WORK REQUIRED.
With the pictures excluded, retype the records that follow exactly.

##### DATA SHOWN #####

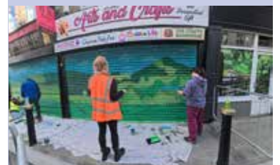
Abertillery town boost makeover see page 7
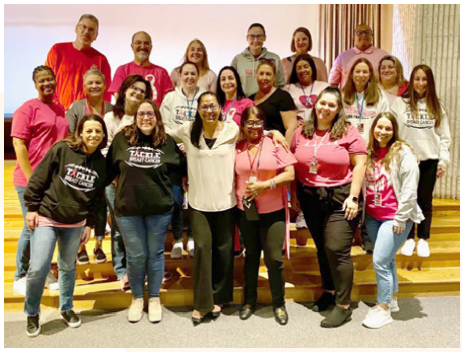
Lincoln togetherness in Making Strides Against Breast Cancer and wearing pink!

The Mount Vernon teachers would like to express their sincerest gratitude for all the teaching assistants and security guards in the district that come to work every day working with our students with enthusiasm, pride and keeping our students safe. The positive attitude that you bring daily into our classes and in the hallway motivates the students to learn and grow. We are thankful to the teaching assistants that are always willing to be a team player and support all the scholars in the schools. We appreciate the teaching assistants that work collaboratively with the classroom teachers. Thank you for always being a lifelong learner, willing to learn and try all the new strategies presented in class and on professional development days. Thank you for all you do. Keep up the amazing work.
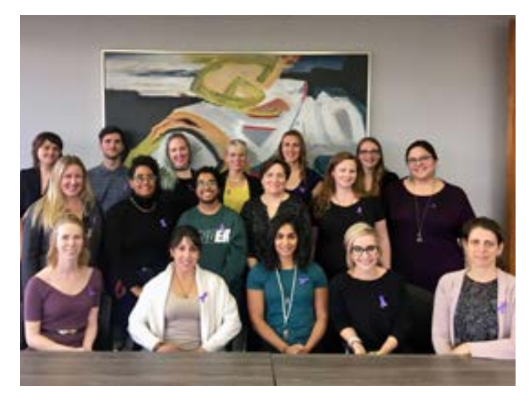
Domestic Violence Awareness Month, November 2018.

20% of SACE counselling clients are children and youth under 18
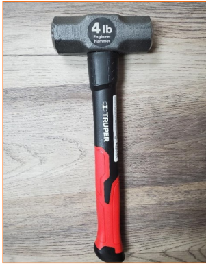
Sledge Hammer 4 lb.
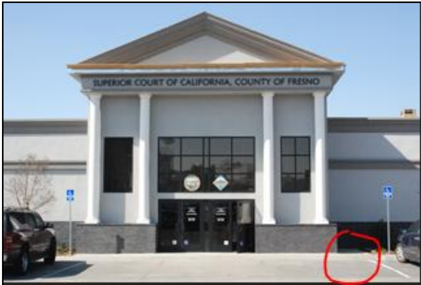
Juvenile Justice Campus – Front steps – Near Sign
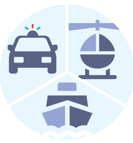
Sheriffs transport the ballots from the Check-in Center to the Tally Operation Center
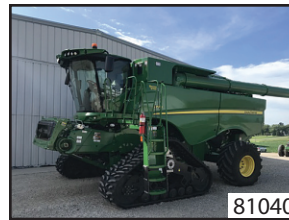
2018 JOHN DEERE S780 $389,900 (CA)
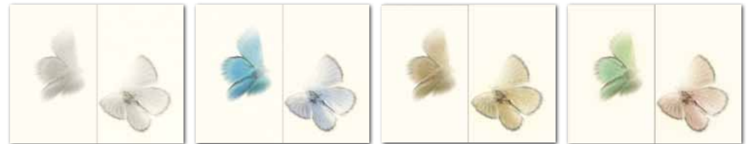
TD2022 Dayflight Grey Cp A/2 40x50_15 3/4 "x19 11/16 " 82 TD2020 Dayflight Blue Cp A/2 40x50_15 3/4 "x19 11/16 " 82 TD2021 Dayflight Beige Cp A/2 40x50_15 3/4 "x19 11/16 " 82 TD2023 Dayflight Multicolor Cp A/2 40x50_15 3/4 "x19 11/16 " 82
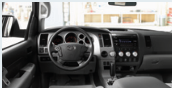
Double Cab Tundra interior shown in Graphite.
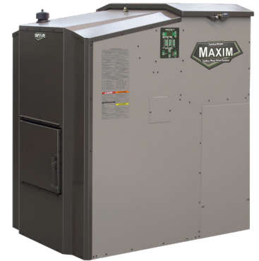
The Maxim M255 PE is U.S. EPA Step 2 Certified.

Freedom to do more - With a Maxim outdoor wood pellet furnace, you'll have more time because of the large integrated hopper and extended burn times.

#####

OUTPUT FOR THIS TASK.
Abertillery town boost makeover see page 7
Lincoln togetherness in Making Strides Against Breast Cancer and wearing pink!

The Mount Vernon teachers would like to express their sincerest gratitude for all the teaching assistants and security guards in the district that come to work every day working with our students with enthusiasm, pride and keeping our students safe. The positive attitude that you bring daily into our classes and in the hallway motivates the students to learn and grow. We are thankful to the teaching assistants that are always willing to be a team player and support all the scholars in the schools. We appreciate the teaching assistants that work collaboratively with the classroom teachers. Thank you for always being a lifelong learner, willing to learn and try all the new strategies presented in class and on professional development days. Thank you for all you do. Keep up the amazing work.
Domestic Violence Awareness Month, November 2018.

20% of SACE counselling clients are children and youth under 18
Sledge Hammer 4 lb.
Juvenile Justice Campus – Front steps – Near Sign
Sheriffs transport the ballots from the Check-in Center to the Tally Operation Center
2018 JOHN DEERE S780 $389,900 (CA)
TD2022 Dayflight Grey Cp A/2 40x50_15 3/4 "x19 11/16 " 82 TD2020 Dayflight Blue Cp A/2 40x50_15 3/4 "x19 11/16 " 82 TD2021 Dayflight Beige Cp A/2 40x50_15 3/4 "x19 11/16 " 82 TD2023 Dayflight Multicolor Cp A/2 40x50_15 3/4 "x19 11/16 " 82
Double Cab Tundra interior shown in Graphite.
The Maxim M255 PE is U.S. EPA Step 2 Certified.

Freedom to do more - With a Maxim outdoor wood pellet furnace, you'll have more time because of the large integrated hopper and extended burn times.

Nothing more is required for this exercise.